Despite its remarkable success in describing microscopic phenomena, quantum mechanics continues to pose unresolved foundational questions concerning measurement, nonlocality, wavefunction collapse, and the nature of physical reality. These issues were highlighted by the EPR paradox1-2, in which Einstein and his co-authors examined the measurement of entangled particles in space-like separation. Quantum mechanics predicts that measuring one particle’s observable instantaneously determines the state of the other, seemingly violating special relativity’s prohibition of faster-than-light influences and suggesting an incomplete description of physical reality. However, Bell’s theorem3-5, along with the Bell-Kochen-Specker theorem6-10 and subsequent experiments, has largely ruled out local hidden variable theories. In this work, I apply the quantum decoherence framework11-13, pioneered by Zeh, Zurek, Joos and Leggett et al. to analyze an EPR-like system using system-environment interactions as a measurement model.

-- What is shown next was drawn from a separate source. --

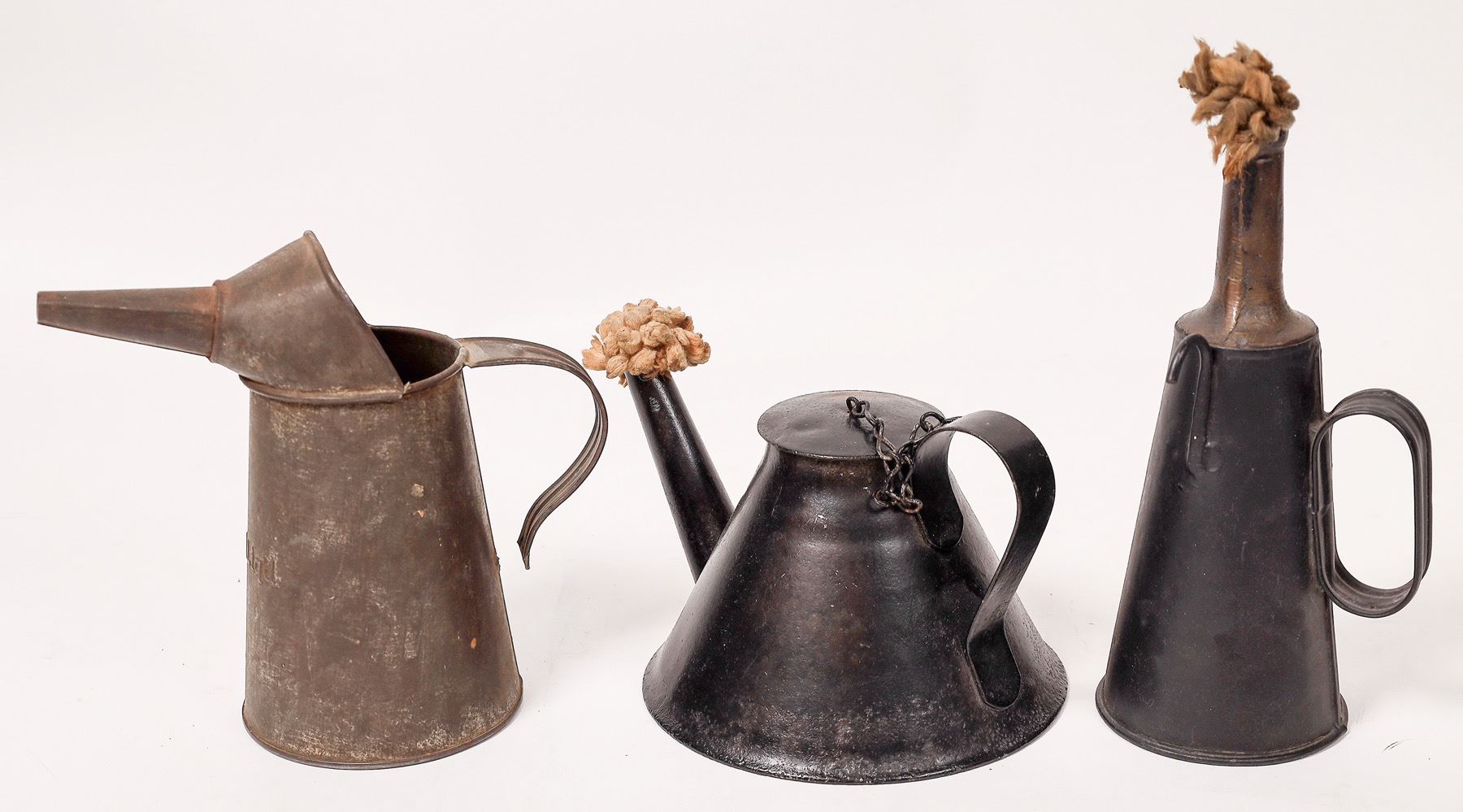 2 black oil wick railroad lamps, 5.5" and 9". 1 Qt. Liq'd. oil can with detached lower handle connection.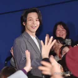 俳優の中村倫也が23日、都内で行われた映画「屍人荘の殺人」(公開中)の大ヒット舞台挨拶に主演の神木隆之介、共演の浜辺美波とともに出席した。

I demonstrate that measurement on one entangled particle does not instantaneously collapse the system's wavefunction. Instead, the local wavefunctions of the measured particle and its environment evolve dynamically, while the remote particle’s wavefunction remains unchanged. Environment-induced decoherence selects pointer states and rapidly suppresses quantum correlations through local interactions, giving rise to the appearance of wavefunction collapse. These findings suggest that quantum mechanics can be reconciled with local realism if the wavefunction is treated as an ontic entity, offering a potential path toward a locally realistic quantum theory in alignment with Einstein’s vision.